In the generic test case $y'=\lambda y$, the solution is $y=Ce^{λt}$. Inserting this exact solution into the AB scheme $$ y_{n+1}=y_n+h\sum_{k=0}^{p}b_kf(t_{n-k},y_{n-k}) $$ in order to compute the truncation error, and cancelling common factors results in the formula $$ e^{λh}=1+λh\sum_{k=0}^{p}b_ke^{-kλh}+O(h^{p+1}). $$ So the aim is to approximate $\frac{e^{λh}-1}{λh}$ as a polynomial in $e^{-λh}$ around $h=0$. Selecting another variable $z=1-e^{-λh}$ with $h=0\iff z=0$, the polynomial in $e^{-λh}$ transforms into a polynomial $q(z)$ in $z$ with likewise unknown coefficients.
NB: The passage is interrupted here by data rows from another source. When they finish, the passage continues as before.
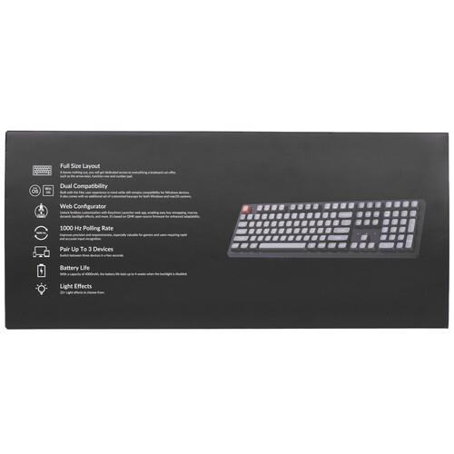 Беспроводная механическая клавиатура в классической 100% раскладке. Полностью программируемая, поддерживает 2.4 ГГц, Bluetooth и подключение по проводу. В комплекте командные клавиши для Windows и macOS.
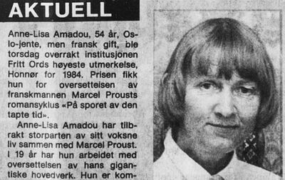 | Med oversettelsen fra fransk av Marcel Prousts romanserie "På sporet av den tapte tid" viser hun hvor rikt det norske språk kan være. Det man på forhånd trodde ville bli en tålmodighetsprøve, blir en frydefull leseropplevelse gjennom hele 12 bind - like mye på grunn av det overraskende smidige norske språket som det fargerike menneskelige universet som Proust bretter ut. ... Amadous evne til å skape et presist, enkelt og klangfullt norsk er enestående. Ofte finner hun tilbake til nesten glemte ord, men Anne-Lisa Amadou får ordene til å virke friske og levende. ... Som veileder var hun enestående. Bekymrede studenter ble trygge, og selvtilliten blomstret etter møter med henne. | ||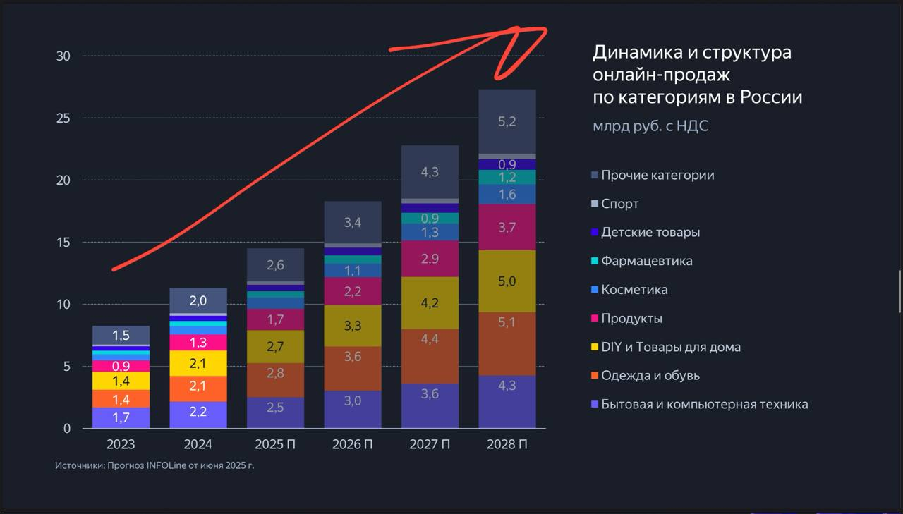 4. Маркетплейсы — это 2/3 оборота всего онлайна.

These are determined by the equation in truncated power series $$ z=-\log(1-z)(1-z)q(z)+O(z^{p+1}). $$ Good computer algebra systems enable working with truncated power series, for instance in CAS Magma (online calculator) one can execute this via

PS<z>:=PowerSeriesRing(Rationals());
for p in [2..9] do
    // solve the power series equation
    q:=-z/((1-z)*Log(1-z+O(z^(p+3))));
    // extract the polynomial as polynomial
    q:=Truncate(q+O(z^p));
    // shift so that the coefficients are the b_k
    c:=Coefficients(Evaluate(q, 1-z));
    // for cosmetic reasons use a common denominator in the fractions
    den := LCM([Denominator(cc): cc in c]);
    Sprintf("%o: %o/%o", p, [ den*cc: cc in c],den);
end for;

giving the table of right sides

2: [ 3, -1 ]/2
3: [ 23, -16, 5 ]/12
4: [ 55, -59, 37, -9 ]/24
5: [ 1901, -2774, 2616, -1274, 251 ]/720
6: [ 4277, -7923, 9982, -7298, 2877, -475 ]/1440
7: [ 198721, -447288, 705549, -688256, 407139, -134472, 19087 ]/60480
8: [ 434241, -1152169, 2183877, -2664477, 2102243, -1041723, 295767, -36799 ]/120960
9: [ 14097247, -43125206, 95476786, -139855262, 137968480, -91172642, 38833486, -9664106, 1070017 ]/3628800

For Adams-Moulton $$ y_{n+1}=y_n+h\sum_{k=0}^{p}b_kf(t_{n+1-k},y_{n+1-k}) $$ you get that the highest indices on both sides are the same, so the test case results, after cancelling one power more, in the equation $$ 1=e^{-λh}+λh\sum_{k=0}^{p}b_ke^{-kλh}+O(h^{p+1}). $$ That is, the task is now to approximate $\frac{1-e^{-λh}}{λh}$ with a polynomial in $e^{-λh}$ with remainder $O(h^p)$, that is, similarly to the above from

PS<z>:=PowerSeriesRing(Rationals());
for p in [2..9] do
    q:=-z/(Log(1-z+O(z^(p+3))));
    q:=Truncate(q+O(z^p));
    c:=Coefficients(Evaluate(q, 1-z));
    den := LCM([Denominator(cc): cc in c]);
    Sprintf("%o: %o/%o", p, [ den*cc: cc in c],den);
end for;

the table

2: [ 1, 1 ]/2
3: [ 5, 8, -1 ]/12
4: [ 9, 19, -5, 1 ]/24
5: [ 251, 646, -264, 106, -19 ]/720
6: [ 475, 1427, -798, 482, -173, 27 ]/1440
7: [ 19087, 65112, -46461, 37504, -20211, 6312, -863 ]/60480
8: [ 36799, 139849, -121797, 123133, -88547, 41499, -11351, 1375 ]/120960
9: [ 1070017, 4467094, -4604594, 5595358, -5033120, 3146338, -1291214, 312874, -33953 ]/3628800

Extracting specifically for order $p=7$, the coefficients are thus

AB: [ 198721, -447288, 705549, -688256, 407139, -134472, 19087 ]/60480
AM: [ 19087, 65112, -46461, 37504, -20211, 6312, -863 ]/60480

which show differences in several places to your result.